Тимофей, оставшись один, крепко задумался. То, что русские посланники, прознавшие о царевиче, вцепятся в него и уже не отцепятся, было ясно. Это, как говорится, и к бабке не ходи! И пока было непонятно, как поведет себя визирь. Что там ему наболтают посланники, неизвестно. Как знать, а не решит ли визирь, что грамота фальшивая, а Вологодского и Великопермского наместничества действительно не существует и никогда не существовало? Эх, был бы падишах здоров, то с ним-то было бы проще столковаться. Все-таки свой брат — государь!
На следующий день старший садовник, который у турок почему-то считался старшим над всеми слугами, сообщил, что жалованье от казны ему больше выплачиваться не будет, а ему по приказу великого визиря надлежит переехать из дворцовых покоев в комнаты попроще. Тимофей понял — надо бежать!

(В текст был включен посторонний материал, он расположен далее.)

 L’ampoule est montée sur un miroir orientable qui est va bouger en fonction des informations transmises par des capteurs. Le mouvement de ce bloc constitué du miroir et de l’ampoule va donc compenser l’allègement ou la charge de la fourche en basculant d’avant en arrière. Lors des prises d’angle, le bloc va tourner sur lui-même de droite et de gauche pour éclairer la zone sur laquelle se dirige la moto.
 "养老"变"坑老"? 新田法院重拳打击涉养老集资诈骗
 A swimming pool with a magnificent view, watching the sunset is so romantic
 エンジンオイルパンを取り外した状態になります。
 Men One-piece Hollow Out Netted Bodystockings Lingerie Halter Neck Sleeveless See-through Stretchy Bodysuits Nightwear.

…Имущества у беглеца немного. Пожалуй, только то, что на себе, да то, что уместится в заплечном мешке. В здешних местах, правда, с мешками за плечами не ходят, предпочитая их двум торбам — одна спереди, а вторая — сзади. А торба, та, что сзади, бьет по заднице…
Тимофей решил прихватить с собой «Родословие князей…», карту Османской империи (вещь полезная в дороге!) да немного еды — десяток черствых просяных лепешек (откладывал несколько дней), пару копченых рыбин, десяток луковиц да соленый сыр. Но все равно, вместе со сменой белья да разными мелочами, включая деньги, набрался целый мешок. Пришлось еще взять два бурдюка с водой. Уже не в первый раз вспомнил недобрым словом Василия Лупу (волчара поганый!),[54] по чьему приказу у него отобрали драгоценную саблю, отбитую у разбойников. Осмотрел нож. Когда-то им зарезали девку, имя которой он уже и забыл. А нож подарил ему пан Юзеф. Поперву Тимоха хотел его выбросить, а потом ничего, привык. Как-то даже резал им хлеб, чистил луковку, и ничего…

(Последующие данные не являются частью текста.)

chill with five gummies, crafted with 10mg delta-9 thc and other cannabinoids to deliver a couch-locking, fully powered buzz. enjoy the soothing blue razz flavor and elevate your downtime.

Вышли вечером. Племянник старого книжника Ангела — Мирчо, уже бывавший на Святой горе Айон-Орос, что всем русским более известна как Афон, сказал, что дорога займет недели две.
— Нам только из Стамбула выйти да пригороды пройти, — говорит мальчишка. — А там помогут.

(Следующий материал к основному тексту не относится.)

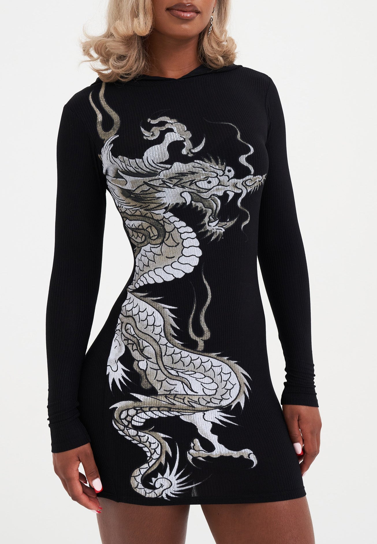 Womens Red Dragon Hoodie Dress - Black

Кто им поможет и как, парень разъяснять не стал. Только коротко сказал, что и в Османской империи до сих пор много тех, кто не принял ислам, оставшись, как и раньше, православными. Зато Мирчо с упоением рассказывал о монастырях полуострова Халкидики:
— Представь себе, Иванко, — помогая себе жестами, говорил он. — Халкидики — райское место. Там и груши растут, и виноград, и апельсины. А прямо из скал ручьи бьют! Там — двадцать святых обителей. Греческие есть, и сербские, и наши, болгарские. Даже грузинская есть.
— А русская? — поинтересовался Акундинов.
— Конечно. Обитель Святого Пантелеймона, — с удивлением посмотрел на него парнишка. — А ты разве не знал?
— Да нет, знал, конечно, — смутился Тимофей. — Думал, что турки все православные обители позакрывали.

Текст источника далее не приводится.